Using BitSet to realize millisecond query (example explanation)
preface
Because the service requires that the response time of one request of API is less than 10ms, the traditional database query operations are directly excluded (network IO and disk IO). Through investigation, bieset is finally used, which has been running normally for a long time
BitSet introduction
I'm confused by the explanation in JDK. I'll summarize it with my own understanding
1. The internal implementation of BitSet is long array 2 The default value of each bit in set is false (0). 3. BitSet length increases as needed. 4. BitSet is not thread safe
Analysis of key methods of BitSet
Set the specified bit to true and the bitindex parameter to a non negative integer. Suppose we execute the following code and observe the changes of wordindex and words [wordindex] values in the above code
From the above table, we can clearly draw a conclusion according to the corresponding relationship between bitindex and words [wordindex] binary values, that is, each long in BitSet can indicate whether 64 non negative integers exist in BitSet. For example, 0001 can indicate that the integer 0 exists in BitSet, and 1111 can indicate that the integer 3,2,1,0 exists in BitSet.
Enter the topic and realize BitSet millisecond query
Imagine a scenario where we have a user table
Suppose we want to query "18-year-old girls in Beijing", the corresponding SQL is as follows:
How to use BitSet to implement the same query?
1. Load the user table data into memory
2. Create BitSet indexes of address, age and gender dimensions for the user table
3. Query data according to index
1. Load the user table data into memory
Read the user table from the database and store it in the list
User entity class:
2. Indexing
Create BitSet index model class
Create address, gender and age dimension indexes for each user object
3. Test BitSet
Test results (query 2W times):
Data volume (users.

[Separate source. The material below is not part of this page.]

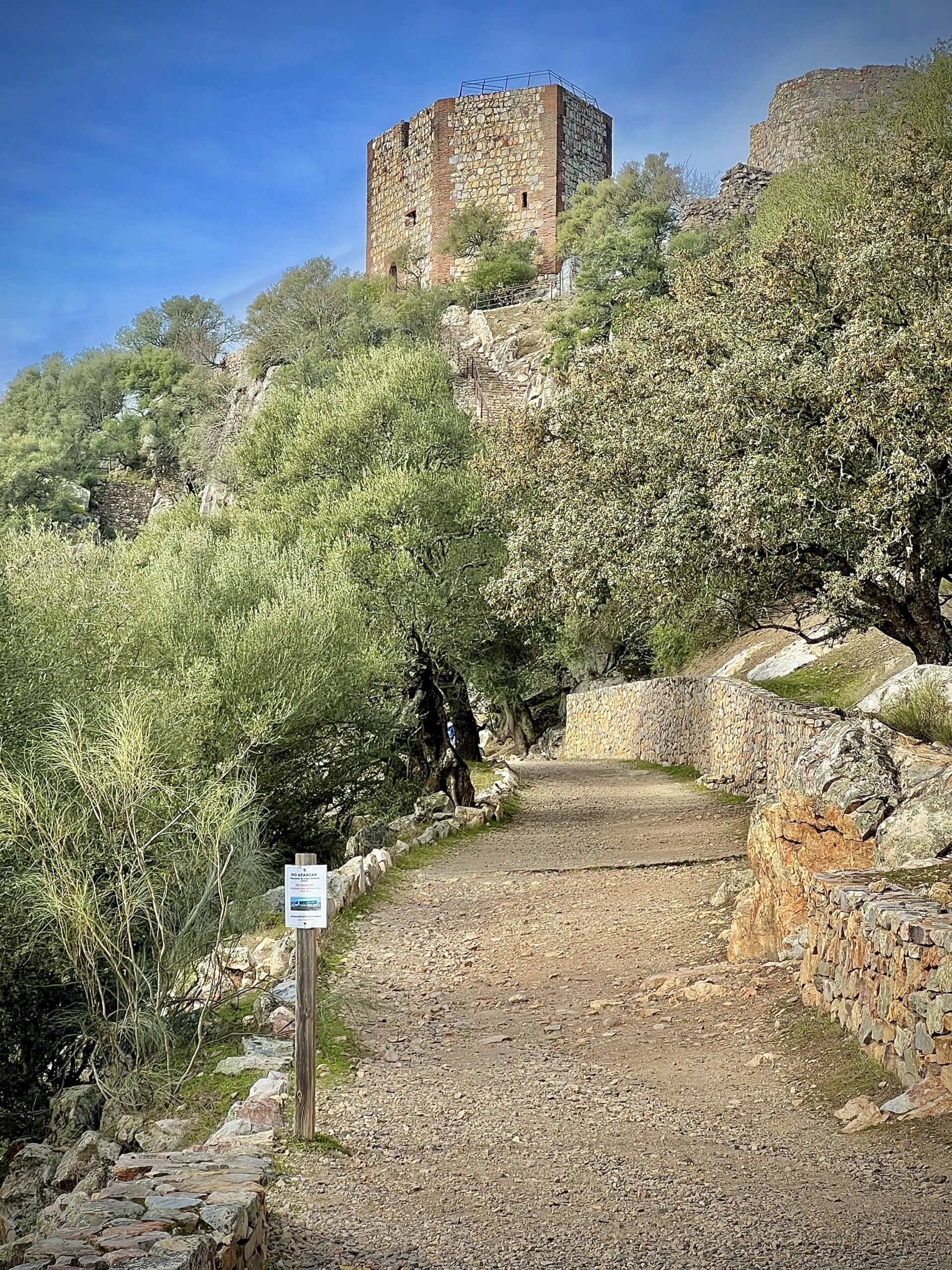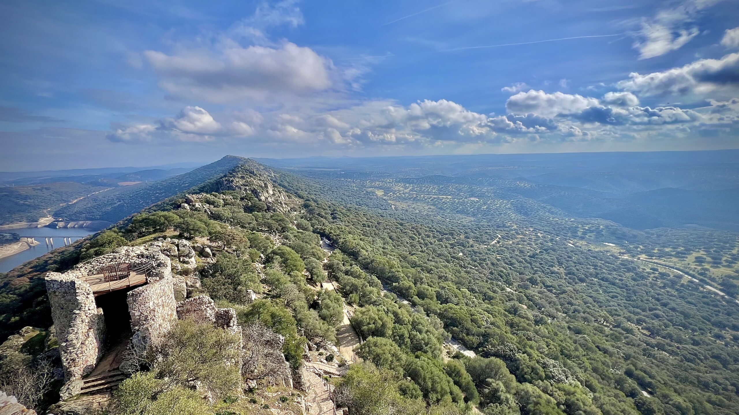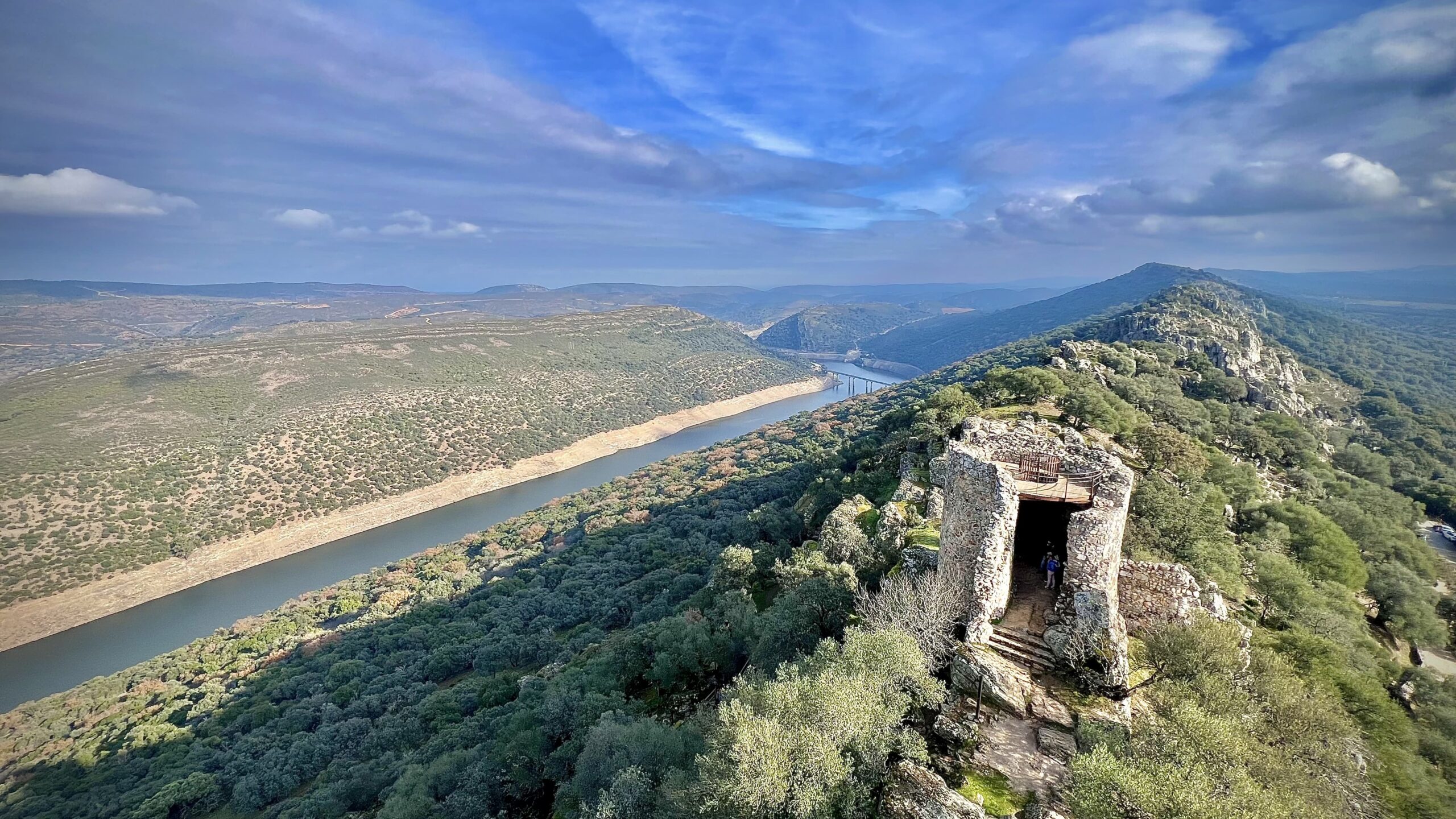 Entrando en Monfragüe ya podemos rebajar la velocidad para disfrutar del paisaje, de las curvas y de los miradores que a lo largo del Parque hay. Podemos parar en cualquiera, bien señalizados para observar la biodiversidad de fauna y flora. Llegaremos pasado el puente de las aguas del Embalse de Jose María Oriol-Alcántara II y la Fuente del Francés al Salto del Gitano. Es el lugar más emblemático y fotografiado del Parque, merece la pena pasar unos minutos allí haciendo fotografías y disfrutando del entorno con sus buitres y su vuelo hipnótico. De allí podemos subir en moto hasta el castillo. Bueno hasta arriba no pero nos quedaremos muy cerca y solo tendremos que subir unos cuantos peldaños hasta la torre. Desde allí las vistas son espectaculares de todo el Parque.

Size()) | concurrent number | average query time
---|---|--- 20w | 10 | 1ms 50w | 20 | 3ms 100w| 50 | 9ms
The tester is ThinkPad x240 i5 8g memory
4. Summary
==Advantages = =:
Through the test, it is found that with the increase of the amount of data and the number of concurrency, the average time-consuming does not increase significantly, and the response time is less than 10ms
==Disadvantages = =:
1. It is not suitable for the case of too large amount of data, because it is necessary to load all the data into the memory
2. Not suitable for complex query
3. It is not suitable for querying unique values such as name and ID
Postscript
Because our query business is relatively simple, the only requirement is speed, and the amount of data is small. The amount of data in each table does not exceed 100W, so this method is more appropriate.
In this article, I only talk about how to create indexes and the most basic queries. In the next article, I will continue to explain how to update indexes and some complex queries, such as <, >, between and.
The above article using BitSet to realize millisecond query (example explanation) is all the content shared by Xiaobian. I hope it can give you a reference and support programming tips.